Question

Let \( x_n = n^{1/n} \) and \( y_n = e^{1 - x_n}, \, n \in \mathbb{N}. \) Then the value of \( \lim_{n \to \infty} y_n \) is ..............

Hint:

When dealing with \( n^{1/n} \), remember that it tends to 1 as \( n \to \infty \). Use logarithmic expansion for precision.

Answer 1

Correct Answer: 1

Step 1: Find \( \lim_{n \to \infty} x_n. \)
\[ x_n = n^{1/n} = e^{\frac{\ln n}{n}}. \] As \( n \to \infty \), \( \frac{\ln n}{n} \to 0 \), so \( x_n \to e^0 = 1. \)

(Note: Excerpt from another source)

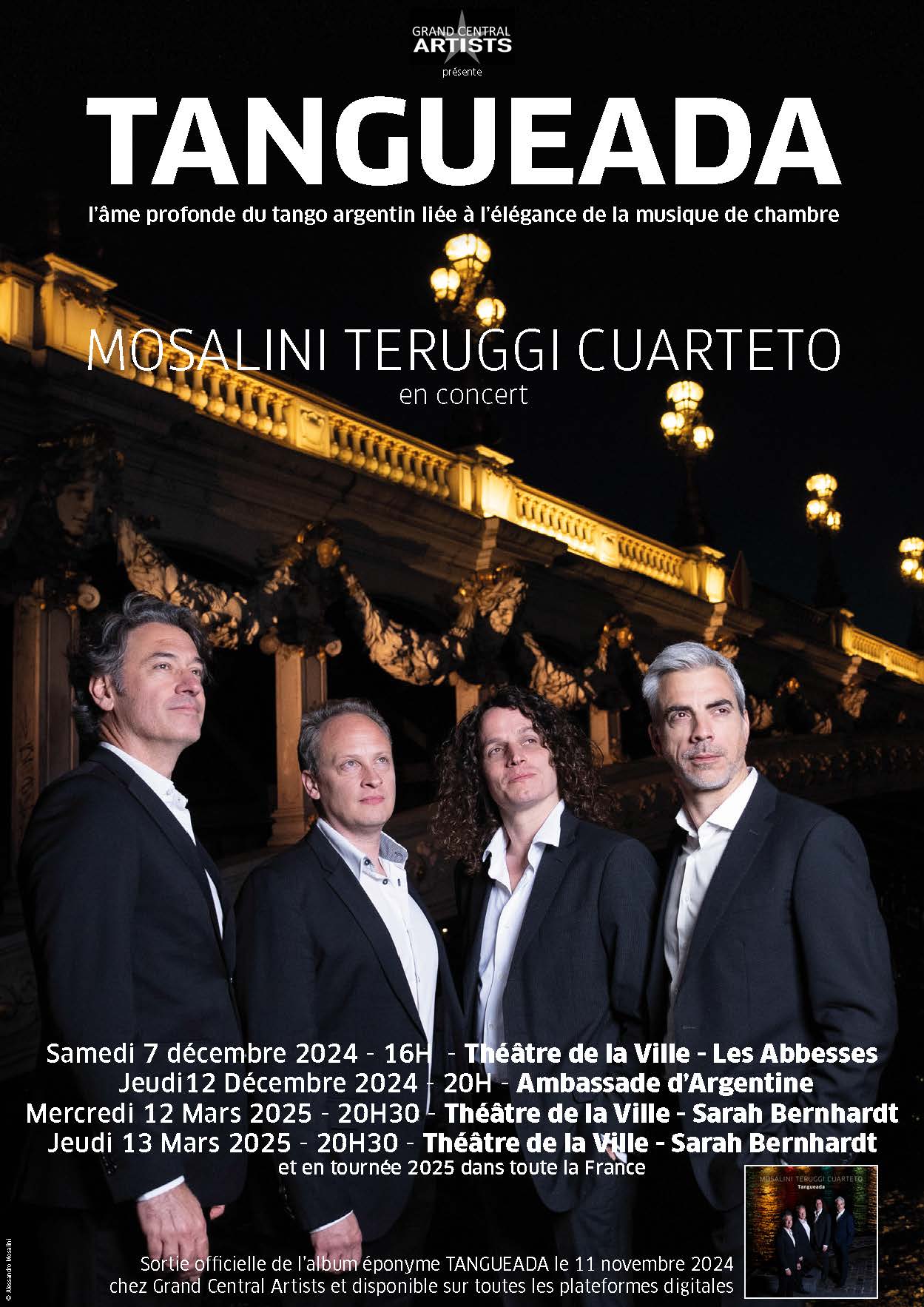Après avoir ébloui le Théâtre des Abbesses en décembre 2024 et avant de partir en tournée, le Mosalini-Teruggi Cuarteto vient fêter ses dix ans d’existence en présentant « Tangueada » leur 3eme et tout nouvel album à Paris. On ne pouvait rêver plus bel anniversaire !

Step 2: Compute \( \lim_{n \to \infty} y_n. \)
\[ y_n = e^{1 - x_n} \to e^{1 - 1} = e^0 = 1. \] Wait—correction! We must find the limiting value more carefully. Since \( x_n \approx 1 + \frac{\ln n}{n} \) for large \( n \), \[ 1 - x_n \approx -\frac{\ln n}{n}. \] Then \[ y_n = e^{1 - x_n} = e^{-\frac{\ln n}{n}} = (e^{\ln n})^{-1/n} = n^{-1/n} \to 1. \] But we need to check scaling with the definition \( y_n = e^{1 - x_n} \). Substituting \( x_n \to 1 \), \[ \lim_{n \to \infty} y_n = e^{1 - 1} = 1. \] Hence, \( \boxed{1} \).

Final Answer: \[ \boxed{1} \]